- Opening Delimiter -
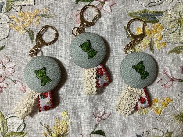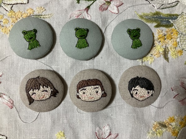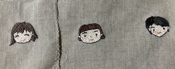 その時の思い出をかわいいイラストにしてくれたので刺繍してチャームに仕立てました
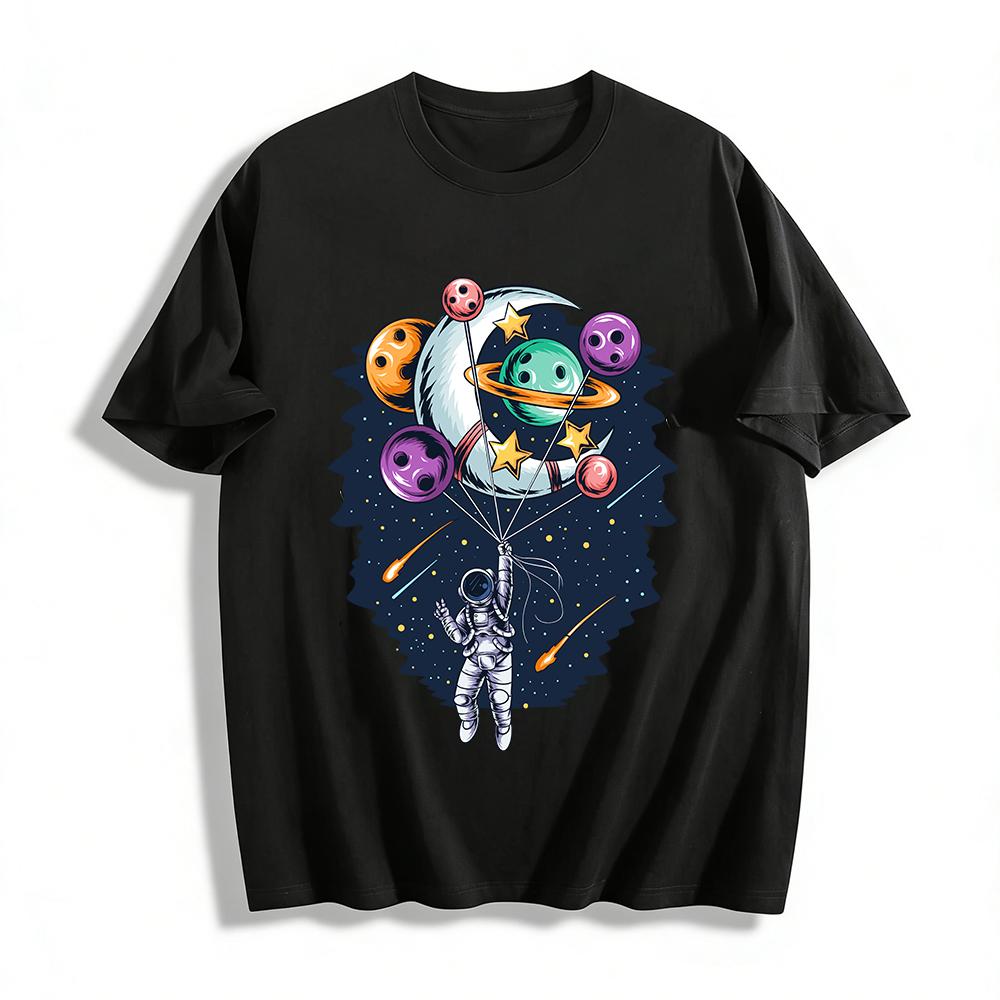 Astronaut Planet Moon Print Casual Short Sleeve T-Shirt Pure cotton T-shirt
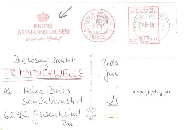 72940650 alte Postkarte Assmannshausen Krone Historischer Gasthof Uferpartie am Rhein postalisch gelaufen Erhaltung siehe scans [FriedD77] KatCode: 11110006439013
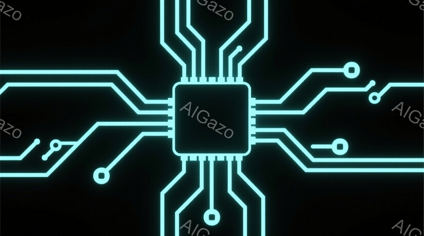 暗い背景に、明るいターコイズブルーの線で描かれた電子回路が浮かび上がっています。中央には、ピンが多数並んだ四角いICチップが配置され、そこから放射状に細い線が伸びています。全体的に未来的な印象で、テクノロジーやデジタル世界を象徴しているように見えます。
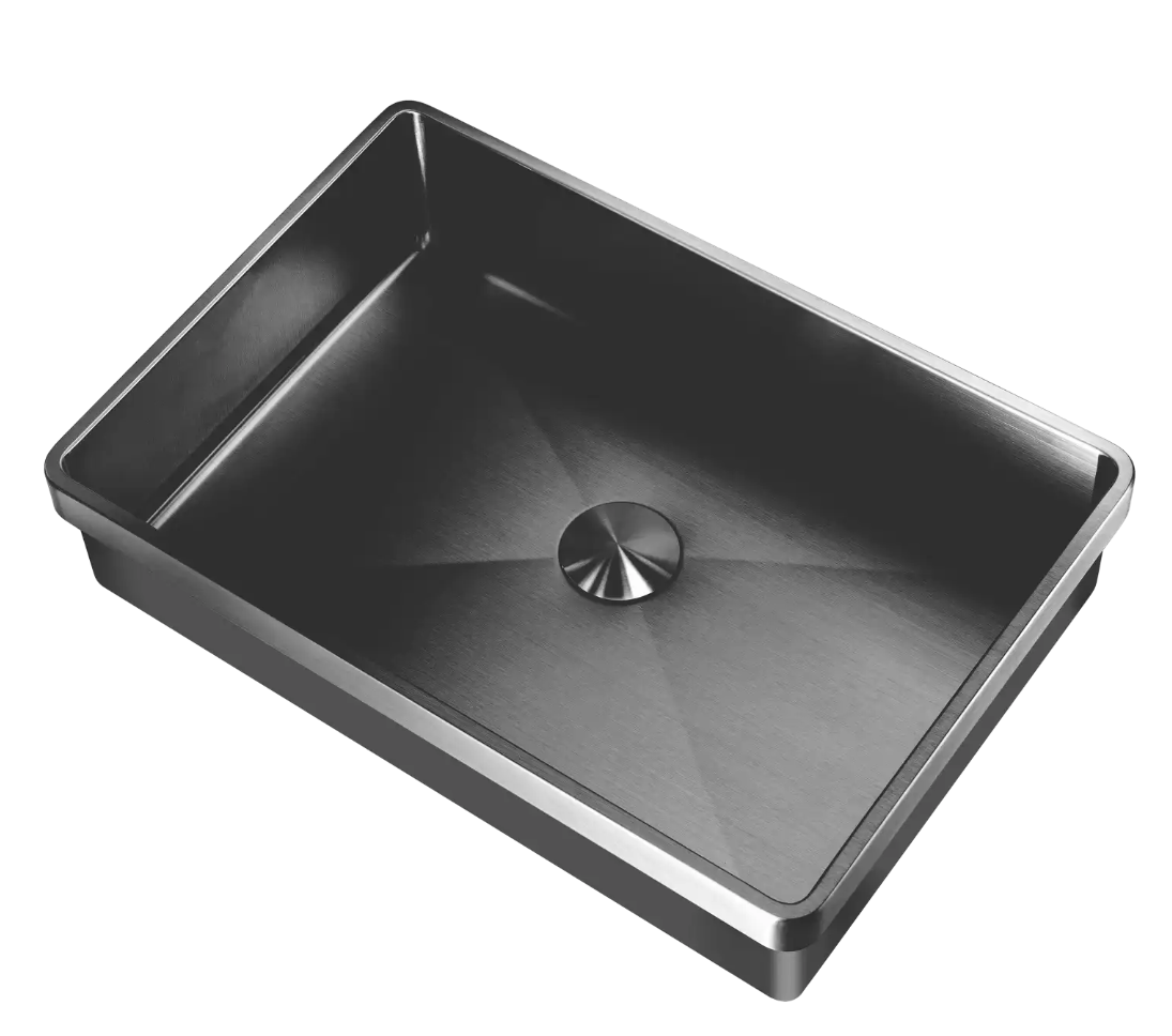 De indvendige runde hjørner følger vaskens yderkant, hvilket giver et harmonisk design, ligeledes er de indvendige runde hjørner rengøringsvenlige.
- Closing Delimiter -
**WHAT YOU SHOULD DO**
The expected answer is the listing above, duplicated exactly, with its pictures removed.

**TASK ANSWER**
 その時の思い出をかわいいイラストにしてくれたので刺繍してチャームに仕立てました
 Astronaut Planet Moon Print Casual Short Sleeve T-Shirt Pure cotton T-shirt
 72940650 alte Postkarte Assmannshausen Krone Historischer Gasthof Uferpartie am Rhein postalisch gelaufen Erhaltung siehe scans [FriedD77] KatCode: 11110006439013
 暗い背景に、明るいターコイズブルーの線で描かれた電子回路が浮かび上がっています。中央には、ピンが多数並んだ四角いICチップが配置され、そこから放射状に細い線が伸びています。全体的に未来的な印象で、テクノロジーやデジタル世界を象徴しているように見えます。
 De indvendige runde hjørner følger vaskens yderkant, hvilket giver et harmonisk design, ligeledes er de indvendige runde hjørner rengøringsvenlige.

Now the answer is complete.